How the SMA workflow operates

The SMA workflow describes a centralized system for managing, monitoring, and acting upon events within an infrastructure, while also providing robust alerting capabilities. The key components involved in the process are:

Summary

  • SMA (System Management Agent): A central management entity that provides a unified monitoring infrastructure, easy configuration options, and maintains a history of events.
  • Config Input: The source for providing policy configurations to the SMA, typically through a Command Line Interface (CLI).
  • Monitor Clients (LC-SMA, Zone Server, FCNS, F-port Server): Various systems or services that register with the SMA to receive configuration updates and send event triggers.
  • Action Clients (FPM, Port Manager): Systems or modules that register with the SMA to receive and execute specific actions.
  • Alerting (Syslog, SNMP TRAP, OBFL): External systems or protocols used by the SMA to send notifications for logging and alert generation.

Result

The SMA workflow provides a comprehensive and centralized approach to infrastructure management, enabling automated monitoring, dynamic configuration, proactive event handling, and efficient notification through various alerting mechanisms.

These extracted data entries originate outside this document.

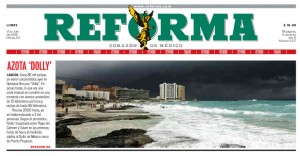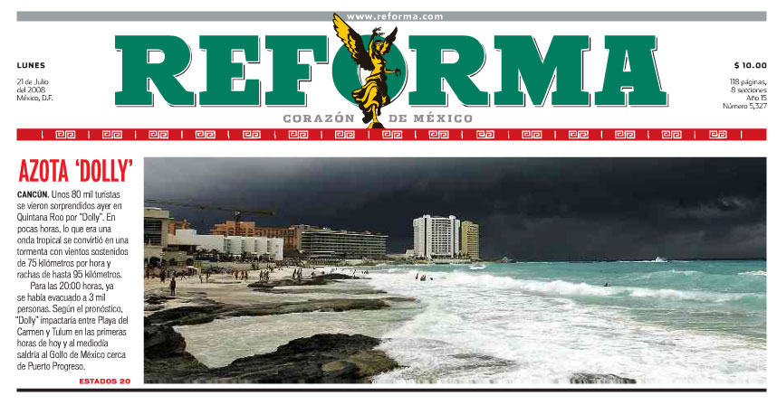 Aunque usted no lo crea, éste cielo era el paisaje del paradisiaco Cancún hace apenas unas horas. Dolly sorprendió a todos al entrar con ráfagas de hasta de 95 km por hora. La foto fue publicada en el Reforma.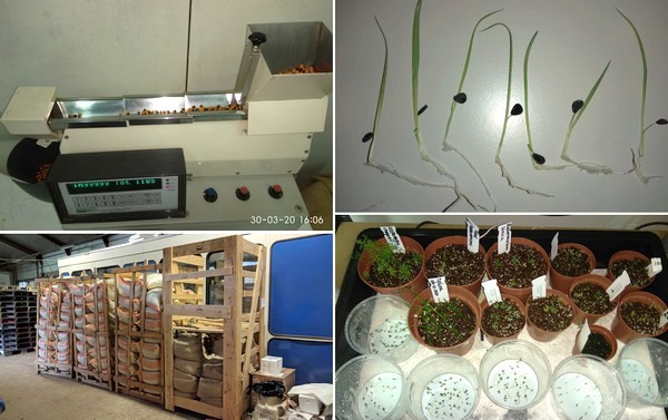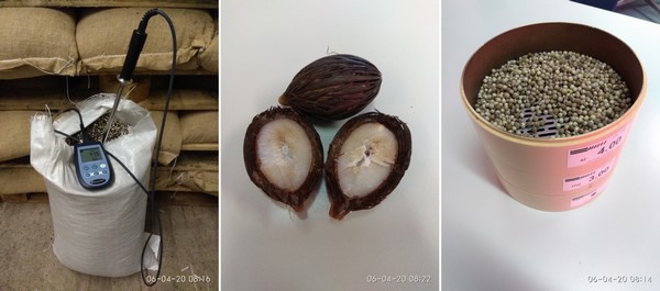 Upon receiving batches of seed, first the transport conditions are measured with a temperature recorder. Next a test batch of seeds is then cut through in the lab to expose the sprout. This is then treated with a liquid, after which the seeds darken, a way to be able to assess the vitality of the seeds.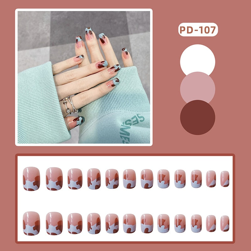- Choose a suitable size of adhesive stickers or nail glue for your nails and stick it on your nails.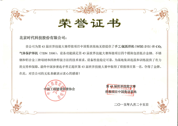 | 2015-08 | 第43屆世界焊接大賽焊接項(xiàng)目集訓(xùn)用機(jī) | 中國(guó)工程建設(shè)焊接協(xié)會(huì) |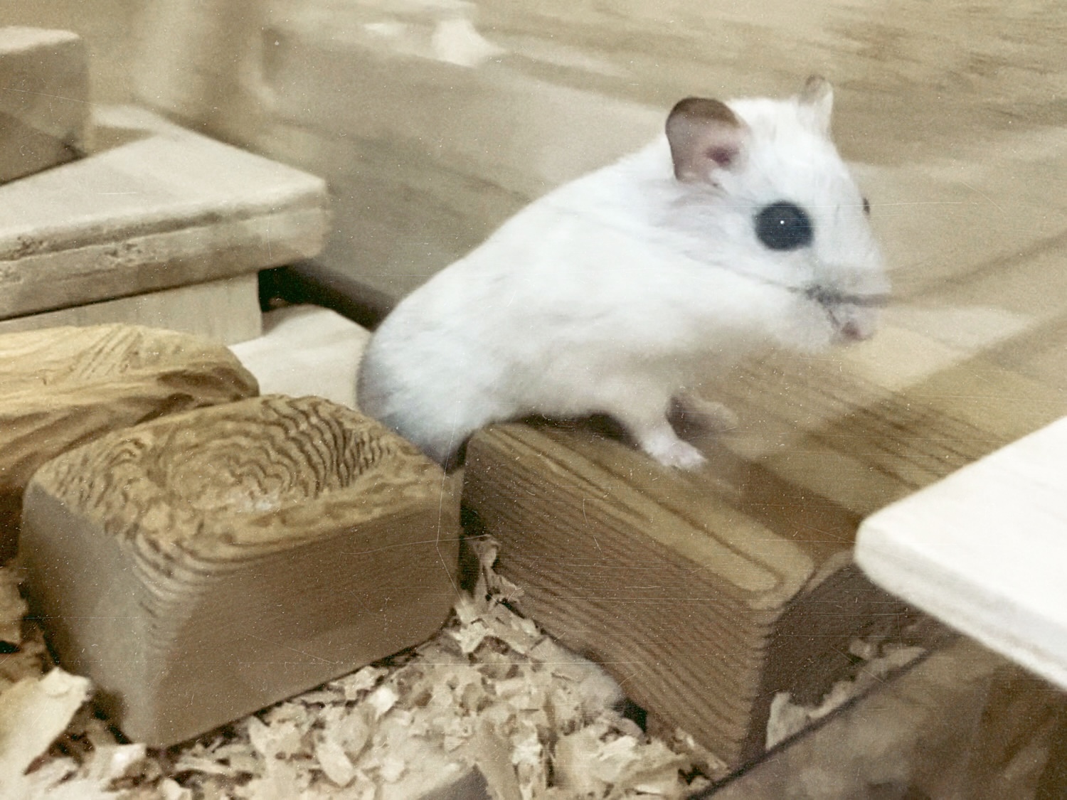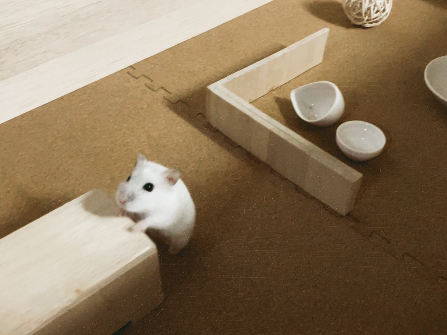 ここまでは、とてもよい話です。しかし問題は、夜に起きました。晩ごはんが餃子だったのです。餃子の餡を包む設計おじさんは無心状態です。キッチンから、ニラの香りがお外を通って、じわじわと広がってきました。ハクのお部屋にも、その気配がしっかり届きます。遺伝子先生の教えでは、ハムスターはとても嗅覚が発達している動物です。匂いは、環境を判断する大事な情報源です。食べ物の気配。危険の気配。仲間の存在。それらを鼻で読み取って生活しています。

How SMA policy architecture works

Policy architecture provides a structured framework for defining and applying rules to manage system and network behavior. It organizes elements into logical groups and associates specific monitoring conditions with automated actions.

Summary

The key components involved in the process are:

  • Policy: The overarching framework that defines rules and responses for managing system or network behavior.
  • Entity Group: A logical collection of network elements or systems (for example: edge ports, core ports, system) to which specific monitoring and action rules are applied.
  • Monitor Group: A set of predefined conditions or metrics that are continuously observed within an Entity Group to detect specific states or events (for example: slow-drain, link integrity, configuration scale, environment and so on).
  • Action Group: A collection of automated responses or operations triggered when conditions defined by a Monitor Group are met (e.g., FPIN, Syslog, Port-Guard, Trap).

Result

The policy architecture enables a modular, scalable, and automated approach to managing and responding to events across various network and system entities, ensuring consistent application of rules and efficient operational control.